Semi-supervised classification with GCNs: 300 iterations of training with a single label for each class to obtain the dynamics of the hidden space. Highlight the marker node.

Note that the model will directly generate a two-dimensional hidden space for instant visualization. We observed that the three-layer GCN model attempts to linearly separate these classes (with only one tag instance). This result is compelling because the model does not have any characterization of the receiving node. At the same time, the model can also provide initial node features, so the current best classification results can be obtained on a large number of datasets, which is the result of the experiments we described in the article.

in conclusion

Research on this field is just getting started. In the past few months, the field has gained encouraging development, but so far we may have just captured the appearance of these models. How to study the specific types of problems in graph theory, such as learning on orientation maps or diagrams, and how to use the embedded graphs to complete the next task, remains to be further explored. The content of this article is by no means exhaustive, and I hope that there will be more interesting applications and extensions in the near future.

Headphone Wireless

With 15+ years manufacturing experience for Portable Power.

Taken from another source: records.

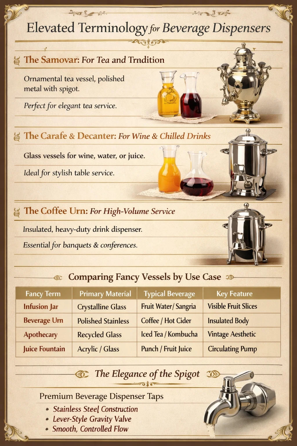 หากคุณกำลังมองหาคำที่สวยงามสำหรับตู้เครื่องดื่ม คำที่ถูกต้องที่สุดนั้นขึ้นอยู่กับการออกแบบและบริบทเฉพาะของภาชนะ สำหรับการสังสรรค์ทางสังคมที่หรูหรา เงื่อนไข "โถ" "ขวดเหล้า" "กาโลหะ" หรือ "โกศ" มีการใช้บ่อย ในการจัดเลี้ยงระดับมืออาชีพและการต้อนรับระดับไฮเอนด์ รายการเหล่านี้มักเรียกกันว่า “น้ำผลไม้คาราเฟ” หรือ "ขวดแช่" แม้ว่าเครื่องมาตรฐานจะใช้งานได้ แต่ในรุ่นหรูก็มีคุณภาพสูง หัวจุกตู้เครื่องดื่ม เปลี่ยนภาชนะธรรมดาให้เป็นอุปกรณ์บริการชิ้นกลาง
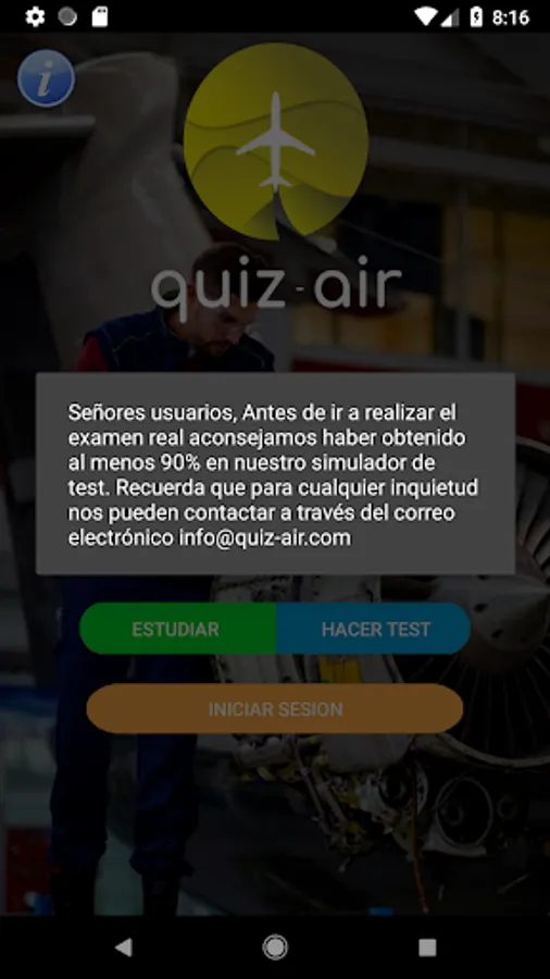 Quiz-Air is the app to help you prepare for the written exam TLA of the Colombian Civil Aeronautics. More than 1300 updated questions and answers will help you pass the final exam TLA and you will have a simulation of the real test so you'll know when you're ready to present. Try it!
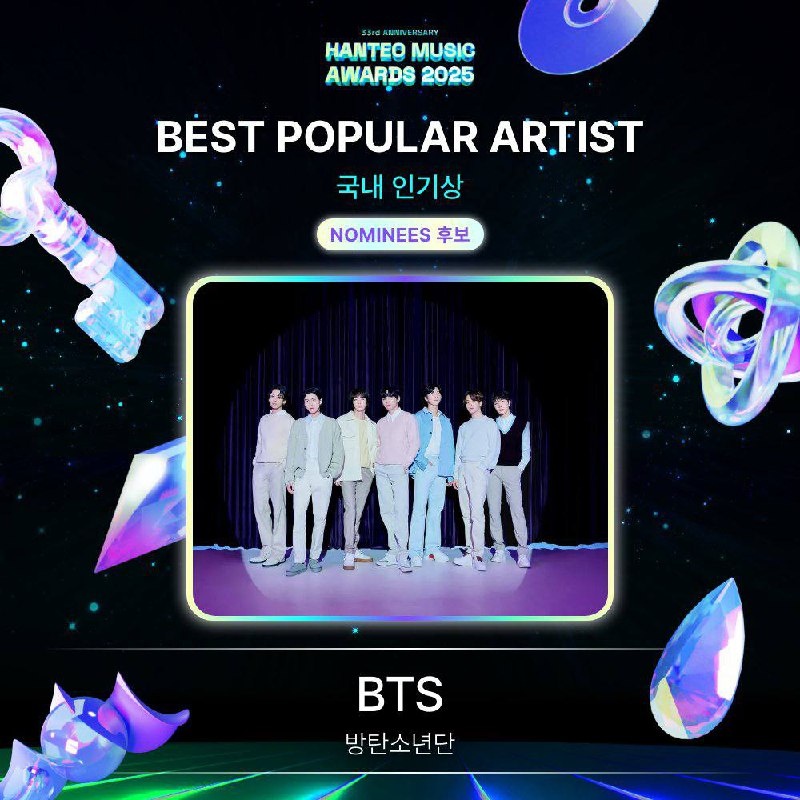 🍊 BTS, Джин и Джей-Хоуп номинированы в категории "Лучший популярный артист" на премии Hanteo Music Awards 2025.
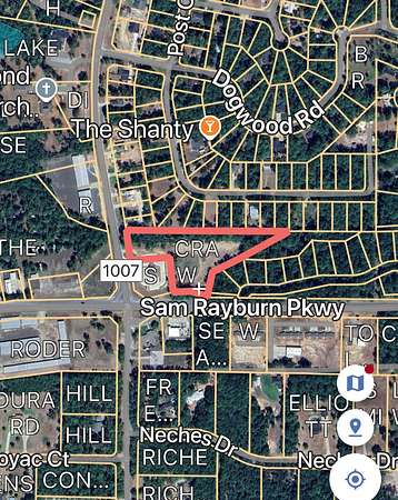 4.376 Acres - Mixed Use Land with Utilities Available! Prime opportunity near Lake Sam Rayburn! This 4.376-acre property includes 3.986 acres of unrestricted land and an additional 0.39-acre restricted portion, giving you versatile options for residential or commercial use. Ideally located just 1 mile from a public boat ramp and 2 miles from Rayburn Country Resort, the property offers entrances from both FM 1007 and Sam Rayburn Parkway. A beautiful creek runs near the back, adding natural charm. With all utilities available, this tract is ready for your vision--whether building a dream home, vacation retreat, or business venture.

Supply various portable charger for iPhone, Airpods, laptop, radio-controlled aircraft ,laptop, car and medical device mobile device, ect.


From the original ordinary portable power source to Wireless Power Bank, Green Energy Solar Power Bank, Magnetic Mobile Power, Portable Power Stations and other products continue to innovate.

Avoiding your devices run out of charge, Portable Chargers to keep your mobile device going.

We help 200+ customers create a custom mobile power bank design for various industries.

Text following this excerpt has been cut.